- Problem description
Beginning with the line below that contains "El organismo detalló" and ending with the line that contains "若者のキャリア支援に携わりた", retype every line exactly. Pictures are not copied.

- Entries provided

+-------+

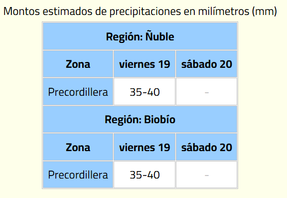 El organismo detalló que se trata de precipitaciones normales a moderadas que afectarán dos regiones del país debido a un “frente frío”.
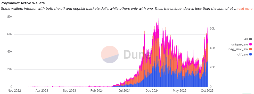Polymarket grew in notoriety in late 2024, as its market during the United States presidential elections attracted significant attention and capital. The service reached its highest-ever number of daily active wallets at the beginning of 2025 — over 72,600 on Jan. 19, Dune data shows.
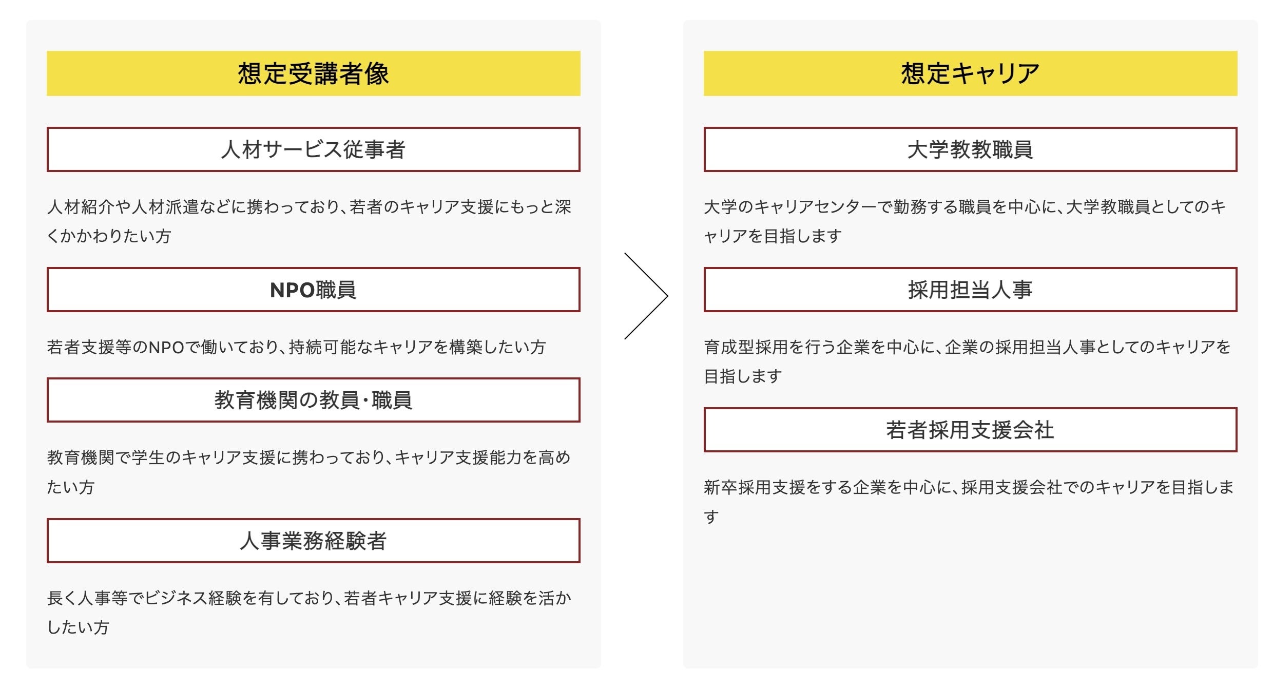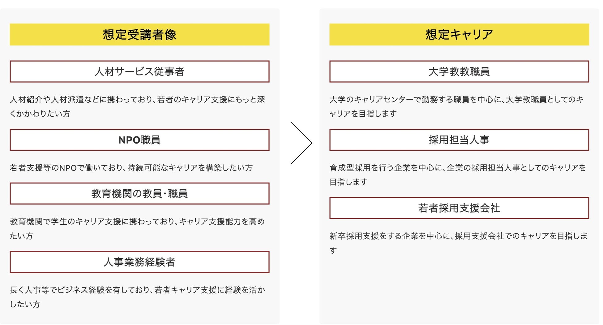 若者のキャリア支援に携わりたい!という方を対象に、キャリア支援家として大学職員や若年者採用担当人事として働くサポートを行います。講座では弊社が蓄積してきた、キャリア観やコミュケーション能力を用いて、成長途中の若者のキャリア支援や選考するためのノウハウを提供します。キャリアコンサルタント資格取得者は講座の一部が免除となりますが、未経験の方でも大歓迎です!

+-------+

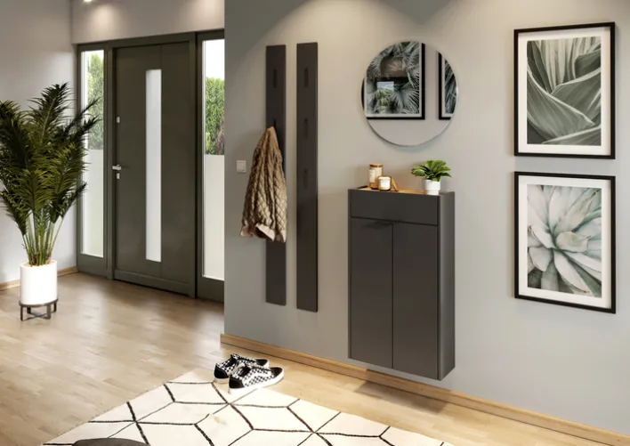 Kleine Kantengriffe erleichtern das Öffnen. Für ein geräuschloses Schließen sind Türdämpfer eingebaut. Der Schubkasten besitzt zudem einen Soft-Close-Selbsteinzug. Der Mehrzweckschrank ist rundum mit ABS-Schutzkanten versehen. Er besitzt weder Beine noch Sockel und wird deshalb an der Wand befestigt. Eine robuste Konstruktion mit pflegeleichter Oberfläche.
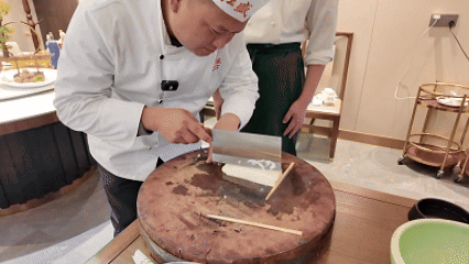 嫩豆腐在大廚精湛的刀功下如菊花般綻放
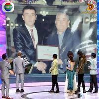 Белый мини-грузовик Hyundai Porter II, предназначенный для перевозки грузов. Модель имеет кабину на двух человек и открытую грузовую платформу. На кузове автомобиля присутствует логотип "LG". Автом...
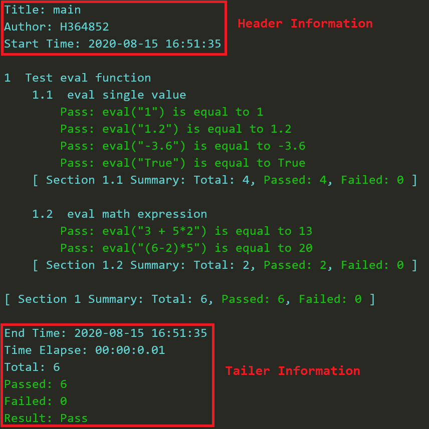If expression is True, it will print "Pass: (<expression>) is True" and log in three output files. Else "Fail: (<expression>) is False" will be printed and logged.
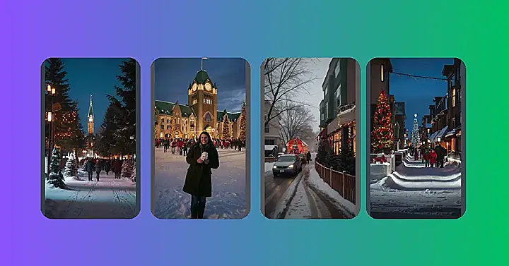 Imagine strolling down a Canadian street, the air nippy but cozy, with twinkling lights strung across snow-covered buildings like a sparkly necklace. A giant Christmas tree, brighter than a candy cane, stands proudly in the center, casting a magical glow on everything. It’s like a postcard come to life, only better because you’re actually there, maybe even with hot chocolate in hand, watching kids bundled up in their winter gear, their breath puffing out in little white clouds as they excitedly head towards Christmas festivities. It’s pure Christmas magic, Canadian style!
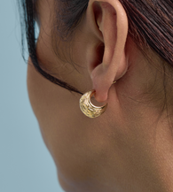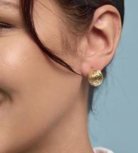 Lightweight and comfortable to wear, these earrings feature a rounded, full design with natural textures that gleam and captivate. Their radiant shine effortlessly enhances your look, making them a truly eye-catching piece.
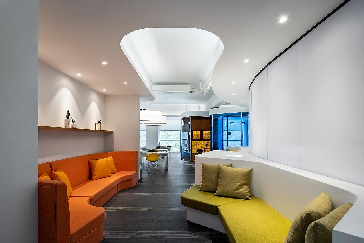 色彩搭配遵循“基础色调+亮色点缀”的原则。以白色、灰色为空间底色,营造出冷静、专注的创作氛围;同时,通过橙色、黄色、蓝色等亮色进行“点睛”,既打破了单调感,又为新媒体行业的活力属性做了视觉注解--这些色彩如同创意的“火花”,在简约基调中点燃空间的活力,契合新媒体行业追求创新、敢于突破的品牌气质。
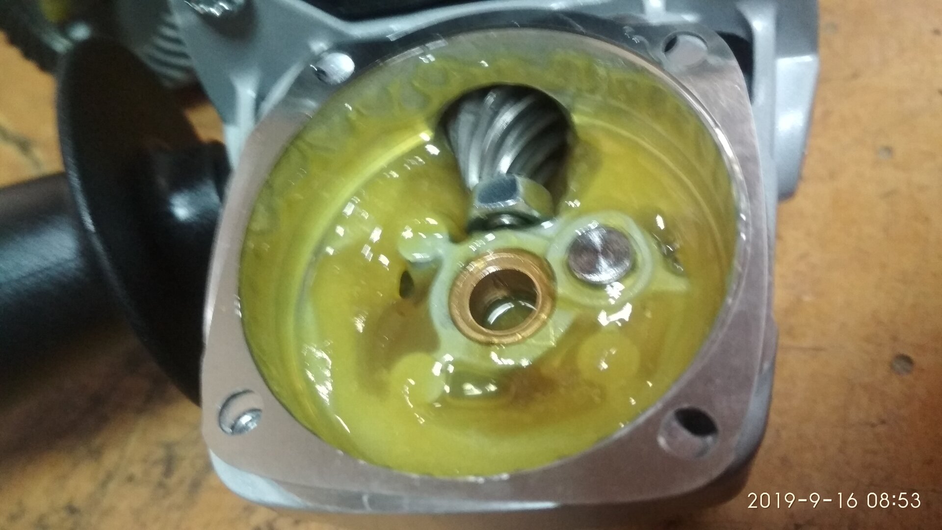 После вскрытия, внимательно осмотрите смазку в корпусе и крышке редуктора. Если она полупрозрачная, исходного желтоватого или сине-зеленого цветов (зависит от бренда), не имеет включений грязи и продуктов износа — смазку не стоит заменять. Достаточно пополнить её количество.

+-------+

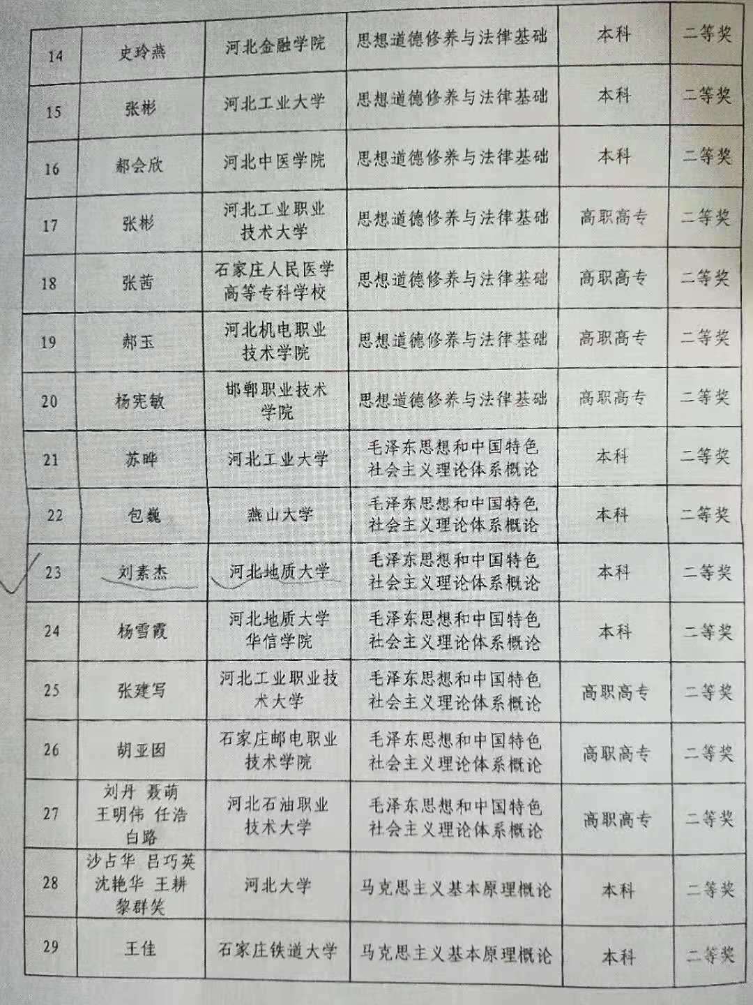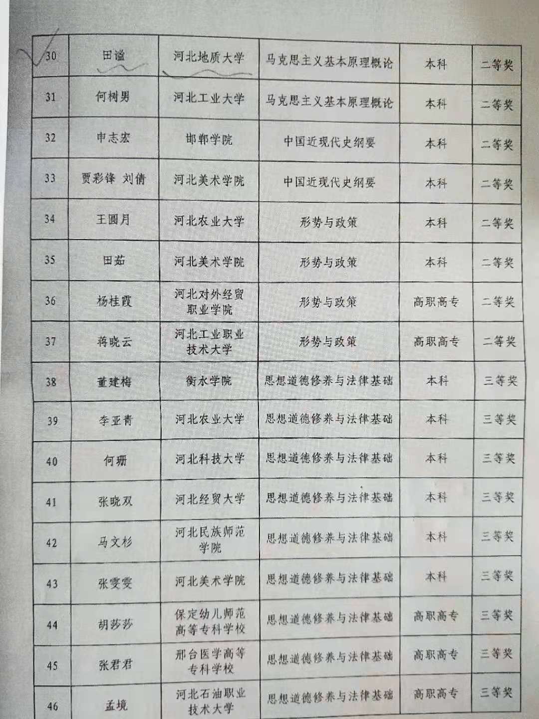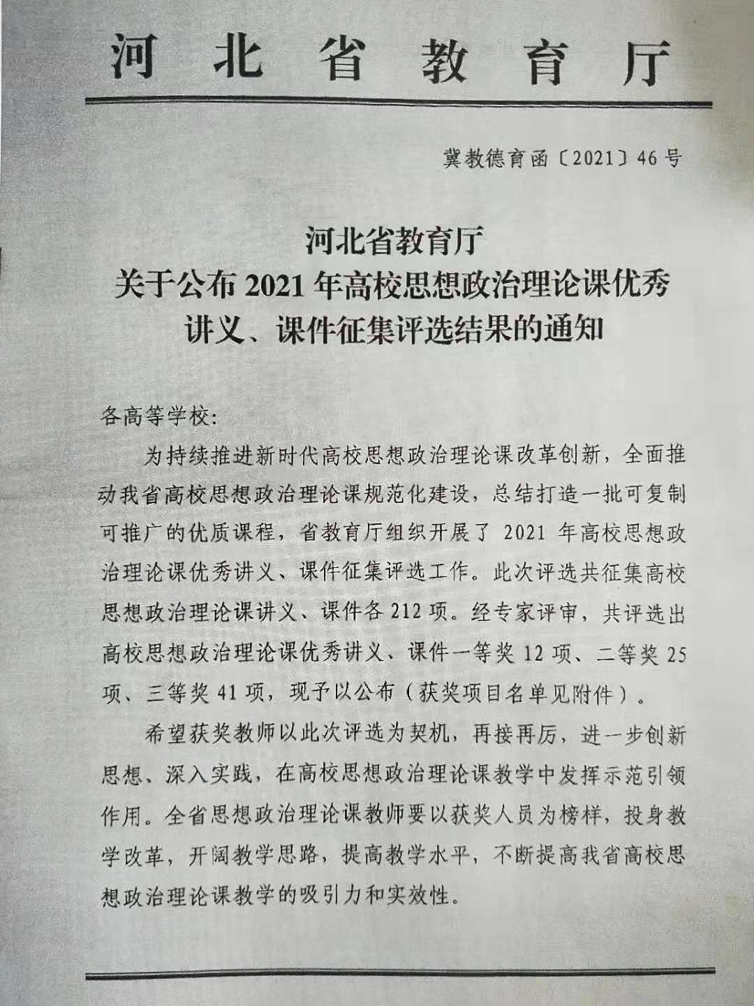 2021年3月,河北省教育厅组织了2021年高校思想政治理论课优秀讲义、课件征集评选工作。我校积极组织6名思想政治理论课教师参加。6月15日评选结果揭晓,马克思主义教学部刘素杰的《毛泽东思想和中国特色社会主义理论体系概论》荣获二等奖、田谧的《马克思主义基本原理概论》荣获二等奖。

+-------+

- Result for this exercise
 El organismo detalló que se trata de precipitaciones normales a moderadas que afectarán dos regiones del país debido a un “frente frío”.
Polymarket grew in notoriety in late 2024, as its market during the United States presidential elections attracted significant attention and capital. The service reached its highest-ever number of daily active wallets at the beginning of 2025 — over 72,600 on Jan. 19, Dune data shows.
 若者のキャリア支援に携わりたい!という方を対象に、キャリア支援家として大学職員や若年者採用担当人事として働くサポートを行います。講座では弊社が蓄積してきた、キャリア観やコミュケーション能力を用いて、成長途中の若者のキャリア支援や選考するためのノウハウを提供します。キャリアコンサルタント資格取得者は講座の一部が免除となりますが、未経験の方でも大歓迎です!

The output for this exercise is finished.